[Data provided Boundary: Start]

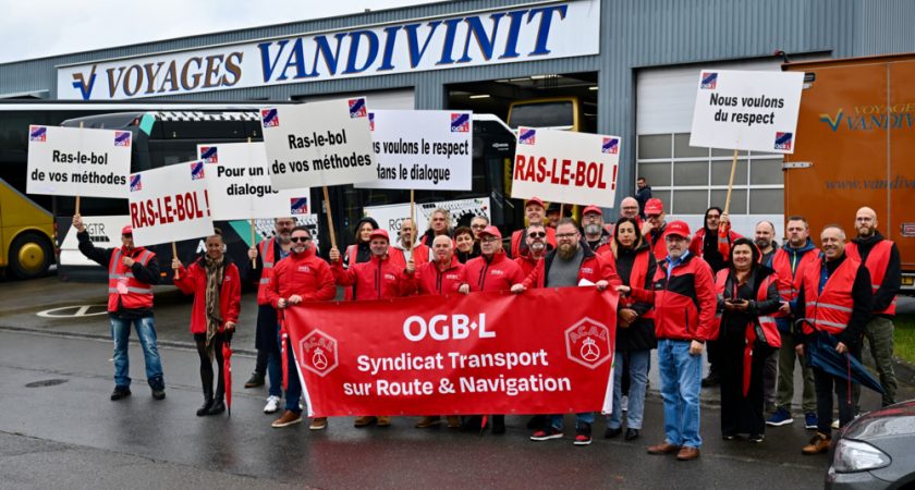 Un piquet de protestation a été organisé mercredi par le syndicat OGBL, section Transport sur route et navigation, au Triangle vert à Ellange, juste devant les locaux de l’entreprise Vandivinit. Une trentaine de personnes arborant la chasuble ou la veste rouge du syndicat ont brandi banderoles et pancartes. Les salariés ont pointé du doigt le manque de dialogue de la direction.
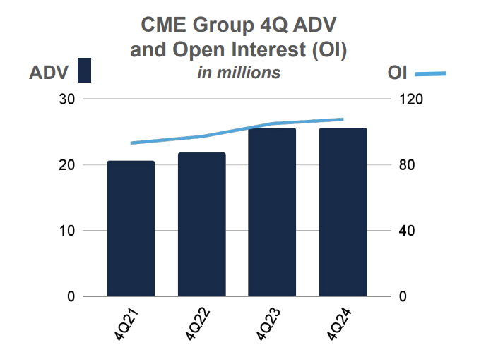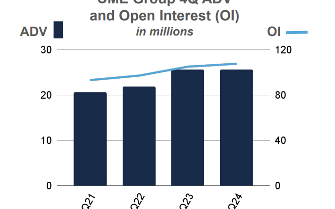 CME open interest on derivatives contracts quarter-by-quarter 2024. Source: CME Group
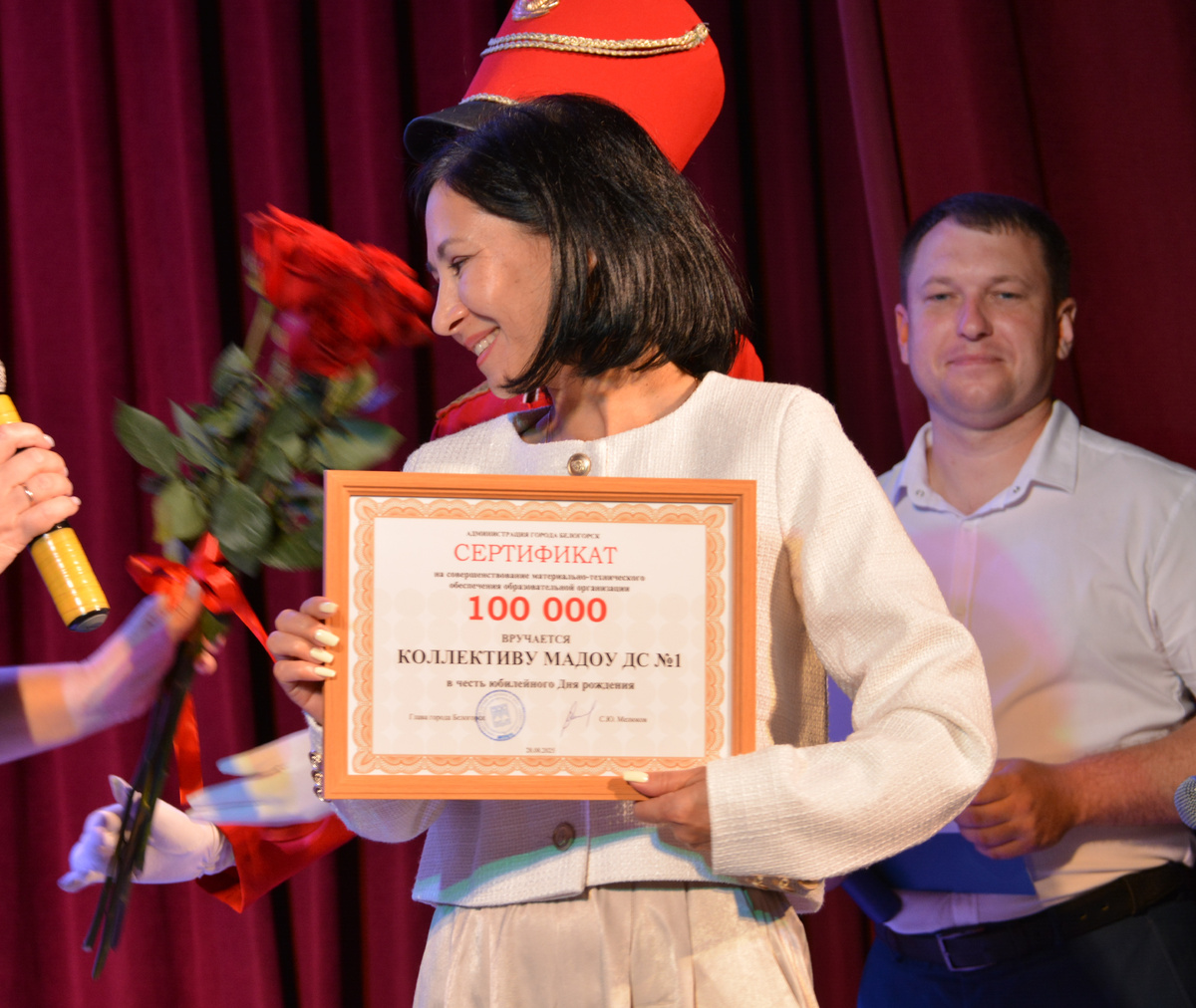 Сертификат на 100 тысяч рублей от имени главы Белогорска вручили детскому саду №1 в честь юбилея

[Data provided Boundary: End]

* Task prompt
Each line from the one containing "CME open interest" through the last line of the listing is to be given again exactly, with no pictures and no other lines.

* Response
 CME open interest on derivatives contracts quarter-by-quarter 2024. Source: CME Group
 Сертификат на 100 тысяч рублей от имени главы Белогорска вручили детскому саду №1 в честь юбилея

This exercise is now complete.